=== Begin Enclosure ===

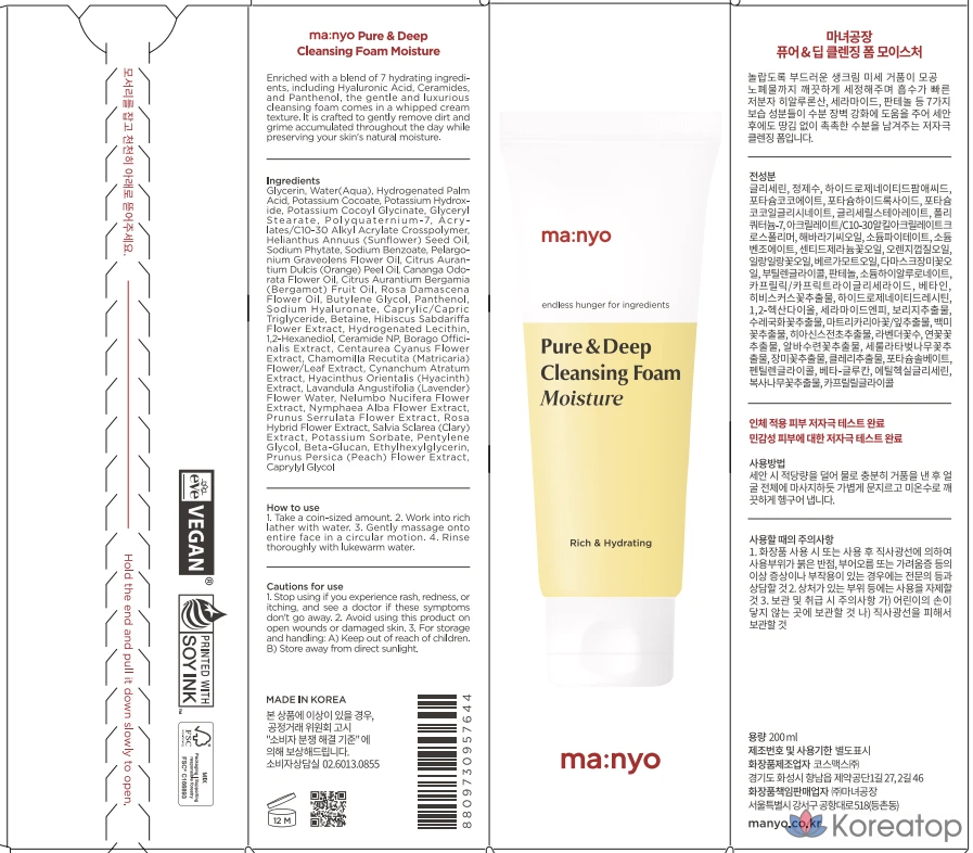 Пенка для глубокого очищения пор с керамидами Ma:nyo Pure Deep Cleansing Foam, 200 мл
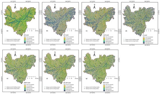 Groundwater potential mapping is an important prerequisite for evaluating the exploitation, utilization, and recharge of groundwater. The study uses BFT (best-first decision tree classifier), CART (classification and regression tree), FT (functional trees), EBF (evidential belief function) benchmark models, and RF-BFTree, RF-CART, and RF-FT ensemble models to map the groundwater potential of Wuqi County, China. Firstly, select sixteen groundwater spring-related variables, such as altitude, plan curvature, profile curvature, curvature, slope angle, slope aspect, stream power index, topographic wetness index, stream sediment transport index, normalized difference vegetation index, land use, soil, lithology, distance to roads, distance to rivers, and rainfall, and make a correlation analysis of these sixteen groundwater spring-related variables. Secondly, optimize the parameters of the seven models and select the optimal parameters for groundwater modeling in Wuqi County. The predictive performance of each model was evaluated by estimating the area under the receiver operating characteristic (ROC) curve (AUC) and statistical index (accuracy, sensitivity, and specificity). The results show that the seven models have good predictive capabilities, and the ensemble model has a larger AUC value. Among them, the RF-BFT model has the highest success rate (AUC = 0.911), followed by RF-FT (0.898), RF-CART (0.894), FT (0.852), EBF (0.824), CART (0.801), and BFtree (0.784), respectively. Groundwater potential maps of these 7 models were obtained, and four different classification methods (geometric interval, natural breaks, quantile, and equal interval) were used to reclassify the obtained GPM into 5 categories: very low (VLC), low (LC), moderate (MC), high (HC), and very high (VHC). The results show that the natural breaks method has the best classification performance, and the RF-BFT model is the most reliable. The study highlights that the proposed ensemble model has more efficient and accurate performance for groundwater potential mapping.
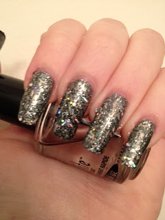 Two coats of China Glaze Tinsel Town, one coat of Forever 21 Silver (large and small holo glitter) over that and then one coat of Sally Hansen In the Spotlight (holo bar glitter) over that. Then of course trusty Seche Vite to smooth everything out.  Sorry this is a little blurry, but you can enlarge it to get the details of the various glitters I used.
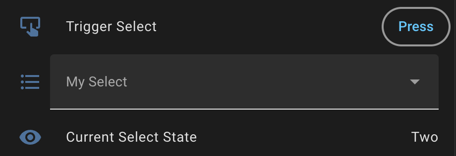 I have a select template where the options (One, Two, Three) and state (Two) are set by a trigger (a button press).
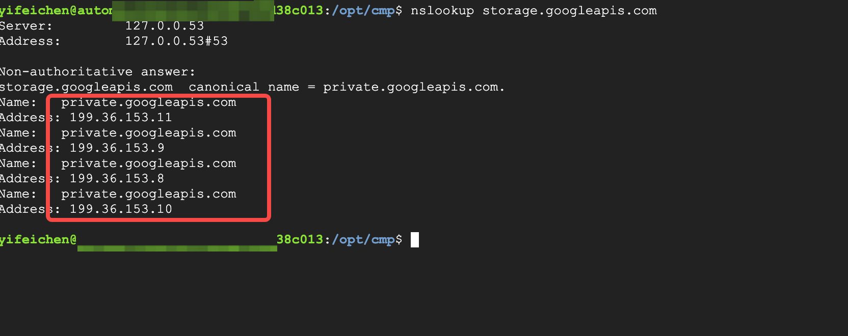 - 进入 VPC 内的虚拟机,测试访问 GCS 等云服务,查看访问地址,确认已经生效为上述步骤配置的私网地址。
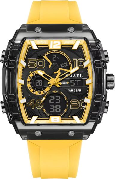 A SMAEL EM-38668 sportos férfi karóra sárga-fekete kombinációban egyedi dizájnt kínál analóg és digitális kijelzővel.
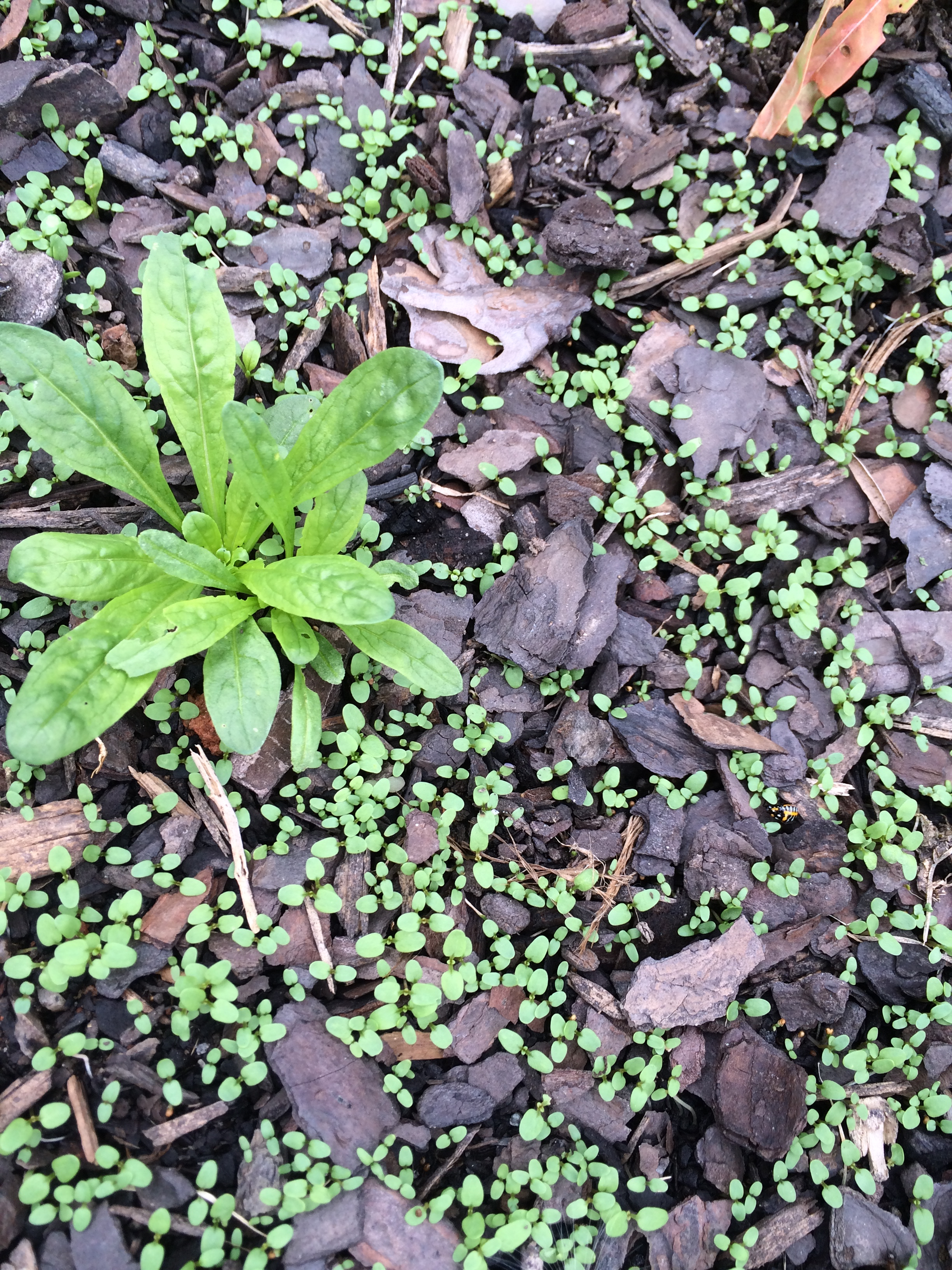 Weld seedlings in the gravel outside my studio, where I strip the plants after drying - Weld can be difficult and expensive to obtain. There are not many sources where weld can be purchased, either in extract or plant form. Growing and drying the dyestuff makes sense for the studio dyer.
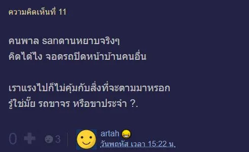 จากกรณีที่คุณ สมาชิกหมายเลข 1053873 สมาชิกเว็บไซต์พันทิปได้ออกมาตั้งกระทู้สอบถามถึงวิธีการจัดการกับข้างบ้านที่ชอบมาจอดรถขวางหน้าบ้าน จนทำให้เดือดร้อน โดยโพสต์รายละเอียดระบุว่า 'เพื่อนๆคนไหนมีวิธีจัดการกับคนที่จอดรถขวางหน้าบ้านโดยเจตนาบ้างครับ'
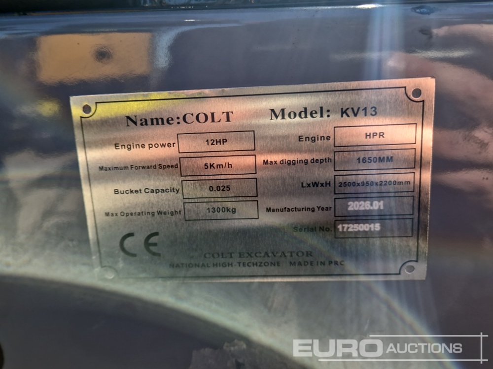 Unused 2026 Colt KV13 Rubber Tracks, Blade, Piped, Bucket - 17250015
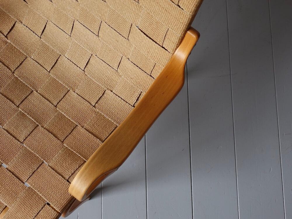 座面には当時からのオリジナルのウェービングベルトがそのまま用いられており、経年による日焼けや色味の変化、使用に伴うシミや毛羽立ちはございますが、使用に支障をきたすようなダメージはございません。
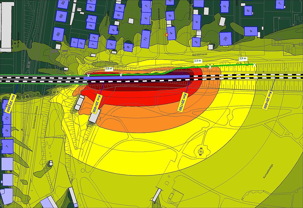 Calculation according to European and national guidelines, statistics on people affected by noise, concepts for measures and support concerning public participation for municipalities and cities.
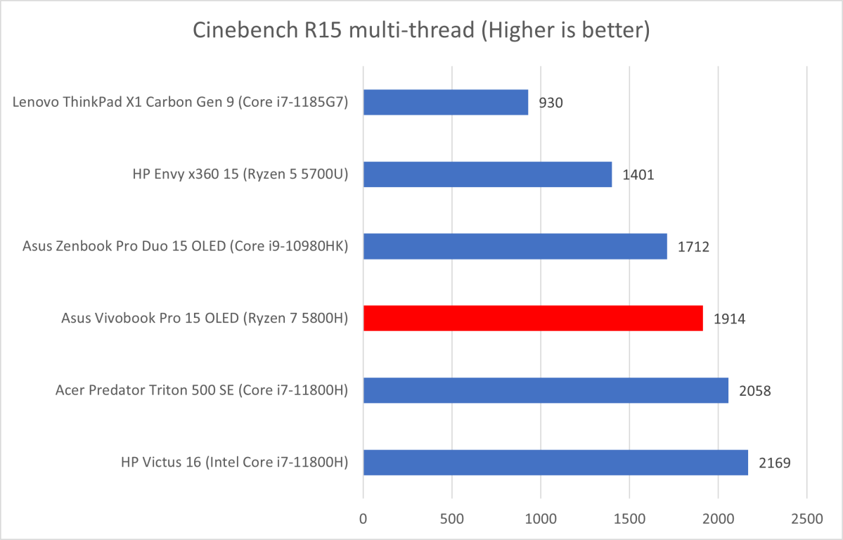 The Cinebench R15 multi-threaded CPU benchmark also had good things to say about the Vivobook Pro 15 OLED. Here the laptop is just a hair behind the Acer Predator Triton 500 SE and HP Victus 16. It easily beats the HP Envy x360 15. That shows the Vivobook Pro 15 OLED offers a meaningful performance advantage over a less performance-oriented 15-inch laptop.
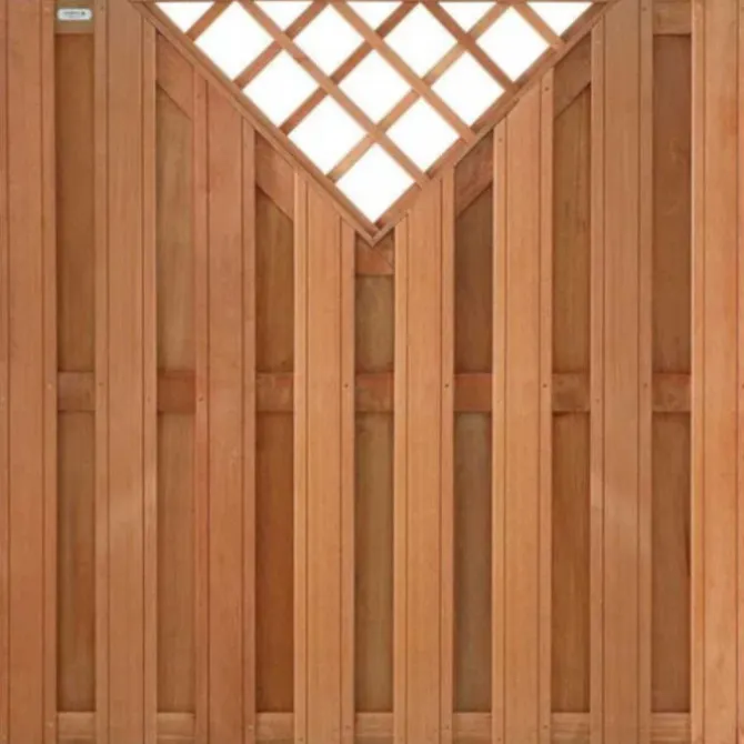 Elephant Schutting hardhout Keruing Timber recht met v- trellis 15L (180 x 180 cm) v-groef schermdikte 3,9 cm. Scherm bestaat uit 15 planken (8 planken voor, 7 planken achter). Voorzien van RVS schroeven om roesten te voorkomen.
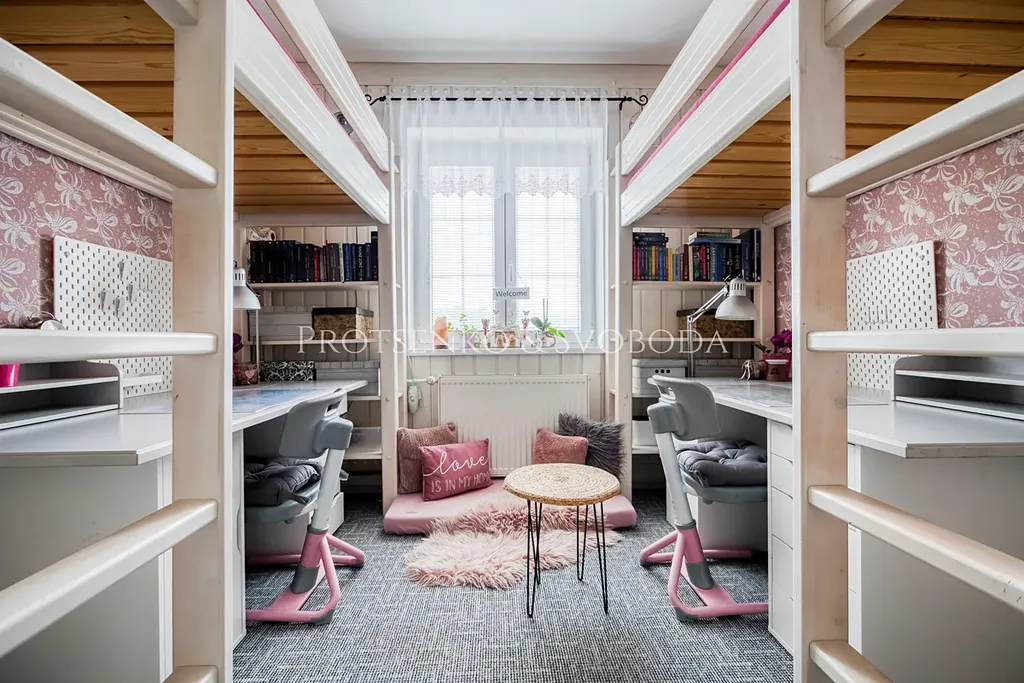 Dispozice domu nabízí více než pět prostorných pokojů, které poskytují dostatek místa pro větší rodinu, kombinaci bydlení s podnikáním nebo komfortní život s hosty.

=== End Enclosure ===

# [Your goal]
When you print the records above, keep them exact and leave out the pictures.

# [Written solution]
 Пенка для глубокого очищения пор с керамидами Ma:nyo Pure Deep Cleansing Foam, 200 мл
 Groundwater potential mapping is an important prerequisite for evaluating the exploitation, utilization, and recharge of groundwater. The study uses BFT (best-first decision tree classifier), CART (classification and regression tree), FT (functional trees), EBF (evidential belief function) benchmark models, and RF-BFTree, RF-CART, and RF-FT ensemble models to map the groundwater potential of Wuqi County, China. Firstly, select sixteen groundwater spring-related variables, such as altitude, plan curvature, profile curvature, curvature, slope angle, slope aspect, stream power index, topographic wetness index, stream sediment transport index, normalized difference vegetation index, land use, soil, lithology, distance to roads, distance to rivers, and rainfall, and make a correlation analysis of these sixteen groundwater spring-related variables. Secondly, optimize the parameters of the seven models and select the optimal parameters for groundwater modeling in Wuqi County. The predictive performance of each model was evaluated by estimating the area under the receiver operating characteristic (ROC) curve (AUC) and statistical index (accuracy, sensitivity, and specificity). The results show that the seven models have good predictive capabilities, and the ensemble model has a larger AUC value. Among them, the RF-BFT model has the highest success rate (AUC = 0.911), followed by RF-FT (0.898), RF-CART (0.894), FT (0.852), EBF (0.824), CART (0.801), and BFtree (0.784), respectively. Groundwater potential maps of these 7 models were obtained, and four different classification methods (geometric interval, natural breaks, quantile, and equal interval) were used to reclassify the obtained GPM into 5 categories: very low (VLC), low (LC), moderate (MC), high (HC), and very high (VHC). The results show that the natural breaks method has the best classification performance, and the RF-BFT model is the most reliable. The study highlights that the proposed ensemble model has more efficient and accurate performance for groundwater potential mapping.
 Two coats of China Glaze Tinsel Town, one coat of Forever 21 Silver (large and small holo glitter) over that and then one coat of Sally Hansen In the Spotlight (holo bar glitter) over that. Then of course trusty Seche Vite to smooth everything out.  Sorry this is a little blurry, but you can enlarge it to get the details of the various glitters I used.
 I have a select template where the options (One, Two, Three) and state (Two) are set by a trigger (a button press).
 - 进入 VPC 内的虚拟机,测试访问 GCS 等云服务,查看访问地址,确认已经生效为上述步骤配置的私网地址。
 A SMAEL EM-38668 sportos férfi karóra sárga-fekete kombinációban egyedi dizájnt kínál analóg és digitális kijelzővel.
 Weld seedlings in the gravel outside my studio, where I strip the plants after drying - Weld can be difficult and expensive to obtain. There are not many sources where weld can be purchased, either in extract or plant form. Growing and drying the dyestuff makes sense for the studio dyer.
 จากกรณีที่คุณ สมาชิกหมายเลข 1053873 สมาชิกเว็บไซต์พันทิปได้ออกมาตั้งกระทู้สอบถามถึงวิธีการจัดการกับข้างบ้านที่ชอบมาจอดรถขวางหน้าบ้าน จนทำให้เดือดร้อน โดยโพสต์รายละเอียดระบุว่า 'เพื่อนๆคนไหนมีวิธีจัดการกับคนที่จอดรถขวางหน้าบ้านโดยเจตนาบ้างครับ'
 Unused 2026 Colt KV13 Rubber Tracks, Blade, Piped, Bucket - 17250015
 座面には当時からのオリジナルのウェービングベルトがそのまま用いられており、経年による日焼けや色味の変化、使用に伴うシミや毛羽立ちはございますが、使用に支障をきたすようなダメージはございません。
 Calculation according to European and national guidelines, statistics on people affected by noise, concepts for measures and support concerning public participation for municipalities and cities.
 The Cinebench R15 multi-threaded CPU benchmark also had good things to say about the Vivobook Pro 15 OLED. Here the laptop is just a hair behind the Acer Predator Triton 500 SE and HP Victus 16. It easily beats the HP Envy x360 15. That shows the Vivobook Pro 15 OLED offers a meaningful performance advantage over a less performance-oriented 15-inch laptop.
 Elephant Schutting hardhout Keruing Timber recht met v- trellis 15L (180 x 180 cm) v-groef schermdikte 3,9 cm. Scherm bestaat uit 15 planken (8 planken voor, 7 planken achter). Voorzien van RVS schroeven om roesten te voorkomen.
 Dispozice domu nabízí více než pět prostorných pokojů, které poskytují dostatek místa pro větší rodinu, kombinaci bydlení s podnikáním nebo komfortní život s hosty.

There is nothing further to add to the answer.